Inspiration for your very own literary grand tour

How better to while away the lazy days of Twixmas than planning adventures for the coming year? The Book Lover’s European Bucket List by Caroline Taggart is a wonderful gift for wandering bibliophiles, a combination of practical guide and paean to European literature. One hundred literary landmarks are explored, from the heart of Shelley’s Rome to the contemporary Stockholm of Stieg Larsson’s Millennium trilogy. Meticulously researched and littered with writers’ quotes, Taggart whisks us away to a continental idyll, where you can ‘linger over a coffee or a cognac and imagine you are waiting for Simone de Beauvoir’.

We begin with literary heavyweight, France, and its Paris of Quasimodo and his beloved bells of Notre-Dame cathedral (thankfully reopening after the devastating fire of 2019). Taggart makes some interesting observations linking the cathedral to Victor Hugo’s classic 1831 novel, The Hunchback of Notre-Dame, an exercise she repeats with a tour of the Paris Opera House, recalling the plummeting, shattering chandelier unleashed by Gaston Leroux’s infamous phantom.

Those with a taste for the luxurious are also treated to a tour of the hotel where Oscar Wilde reputedly declared on his deathbed, ‘Alas, I am dying beyond my means’. One wonders what Wilde would’ve made of the Left Bank bohemianism that sprang up in the decades following his death, here Taggart treats us to a tour of the cafés and bars frequented by the ‘impoverished intellectuals who drank, danced and never seemed to go to bed- at least, not to sleep.’
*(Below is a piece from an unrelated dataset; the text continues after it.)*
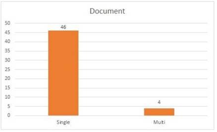 Given that there are two types of Text Summarization based on input type—Single and Multi-Document Summarizations—Figure 7 indicates that 46 papers focused on Single Document ATS, while 4 were centered on Multi-Document ATS. The majority of researchers concentrated on summarizing a single input document.

Wandering into Germany, it’s practically compulsory to visit Christopher Isherwood’s Berlin, where we also discover Theater am Schiffbauerdamm, for many years the artistic home of the decidedly uncheery Bertolt Brecht, a playwright who once said that he did not write ‘for slobs who want me to warm the cockles of their hearts.’

Tourists wishing for warm cockles will, however, be delighted by Grimstad, Norway’s ‘Town of Poets.’ Visit Smag & Behag restaurant and enjoy a seven-course recreation of the Nobel banquet enjoyed by Knut Hamsun in 1920, the year he won the Nobel Prize for Literature.

The Nordic literary circuit takes us to Finland, and inevitably, some Tove Jansson Moomin-related fun. Although Taggart happily shares the various Moomin locations, she emphasises Jansson’s artistry, and also her love of Pellinge, a cluster of islands in the Gulf of Finland. It is here, she believes, that you will find the Finnish icon’s heart.

With literary stopovers throughout Europe, this fascinating guide is particularly wonderful on the underbelly of Venice. Take Thomas Mann on the strangeness of gondolas and their coffin-like blackness.

‘…a vehicle evoking lawless adventures in the plashing stillness of night, and still more strongly evoking death itself, the bier, the dark obsequies, the last silent journey.’

Wrapping up alphabetically in the UK, which is also blessed with some splendid literary locations, we’re treated to, amongst others, Jane Austen’s Hampshire, Shakespeare’s Stratford, and of course, Dickens’ London, where the festering streets immortalised in Oliver Twist now boast multi-million pound properties.

Published by The British Library and featuring some beautiful illustrations, this immersive guide is sure to spark ideas for your own literary grand tour.

The Book Lover’s European Bucket List by Caroline Taggart is published by The British Library, 224 pages.